The problem is that Republican hawks have too many wars where they seem intent on turning up the heat, too many Viennas that they want to take at once. There is no sign as yet that the president’s would-be successors have clear strategic priorities; instead, the tendency is to treat every conflict that comes into the headlines, whether it involves Libya or Iran, Syria or Ukraine, AfPak or the Islamic State, as a theater where there’s no substitute for American-led victory.
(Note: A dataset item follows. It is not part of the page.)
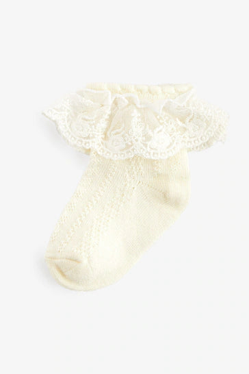 |Niña| Pack de 1 calcetín de encaje para ocasión - crema (0 meses - 2 años)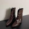 Damen Schuhe im Sale Neue Ärmel Damen Stiefel Winter Spitzschuh Einfarbig Warmhalten Kurzer Schaft Niedrig Absatz Mode Stiefel

Some of this is just posturing, and if elected no G.O.P. president (well, except maybe Lindsey Graham) would actually escalate militarily on every front at once. But it isn’t exactly clear what they would do, because their critique of Obama scores points without acknowledging the real limits on American power — and the structural, and not just ideological, realities behind the decisions that he’s made.There may be cases where America needs to fight to win, enemies that we need to actually defeat instead of managing. But there are also wars that shouldn’t be joined at all, and situations where a kind of frozen conflict really is the best out of our bad options. So the test facing this president’s would-be successors, the challenge that should be posed to them as candidates, is to tell us which kind of war is which.